Rev. Todd Scull, O.S.B. said...

Thank you for making your lectures available online. I've taught English at the high school level for a little over thirty years, and your reflection on having students whom you do not see and interact with has become familiar to me now that my classes are being held on Zoom. I've had an entire class of freshmen I've never met in person for the first time. I wonder what Walter Benjamin would have to say about this pandemic-driven pedagogy, the Zoom classroom.
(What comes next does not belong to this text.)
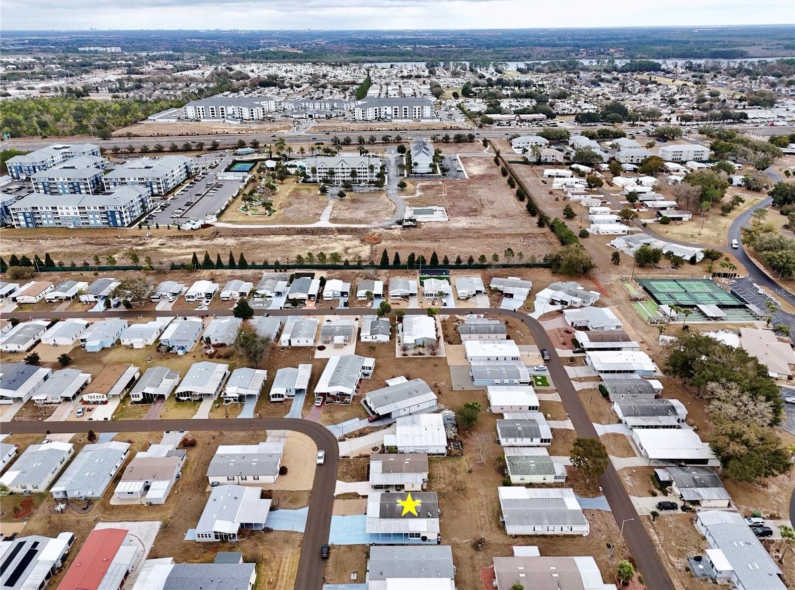 Welcome to a beautifully updated home in a prime location! As you pull into the shaded carport, you'll notice the extended driveway offering ample parking for visitors. Step inside and you'll be greeted by an inviting enclosed patio and sunroom, which lead into the expansive living space. With vaulted ceilings and floods of natural light, the atmosphere is both open and welcoming. Entertaining is a delight in the dining area, showcasing cabinets and a countertop perfect for a drink station. The adjacent bar top seating comes complete with a built in wine cooler to store your favorite beverages. The kitchen, a chef's haven, has been beautifully upgraded with granite counters, stainless steel appliances, a chic wine rack, decorative backsplash, and glass door cabinets, ensuring both functionality and style. Relax in the spacious primary suite with its tall ceilings, walk in closet, and an en suite bath featuring a glass door shower and convenient linen closet. The second bedroom is equally impressive with vaulted ceilings and a walk in closet, adjacent to a luxuriously renovated guest bath that includes brushed gold finishes and a rainfall shower panel tower. The laundry room is well equipped with a washer, dryer, and additional cabinet storage—leading out to another enclosed patio with access to a large storage room, great for holiday decor and tools alike. Located close by the community amenities, enjoy taking a dip in the swimming pool, playing a friendly match of pickleball, or hit the shuffleboard court. With its proximity to Disney World, Island H2O Water Park, Old Town, and local shopping and dining, as well as quick access to main roads including highway 27, 192, 429 and I-4, this house offers the perfect blend of tranquility and convenience. View the 3D tour and call to schedule your showing today!

Thank you for your time in helping me to return to my days studying philosophy. I only wish we had the opportunity to meet in person.

Unknown said...

I understand what you mean by the disturbing thing of not seeing or exchanging thoughts with the audience, but allow me to make some sort of personal inventory. 1) I had been reading your posting (from time to time in the past few years) since B. Leiter posted a link towards your new (then) blog. 2) your blog and spirited conversations came at the moment of my life when I truly needed them. Most importantly, not only that you gave me some sort of spiritual map of a journey you had, and spirited observations about people & places that I wandered how they might have been, but you gave me hope. Your life experiences and what you made out of them gave me hope. I don’t really know if I had two, maybe three professors whom I know directly & took their classes who gave me hope. So, this is no small achievement. 3) from a professional perspective, you provided me with a perfect understanding of what is a dissertation when I needed most (I was an ABD still struggling with the structure and narratives then). Since then I ever pass this sage advice to my students citing you, of course. And I did not even had time to watch the more recent videos or to read the interesting exchanges about them that you had, but I will. Shall I continue?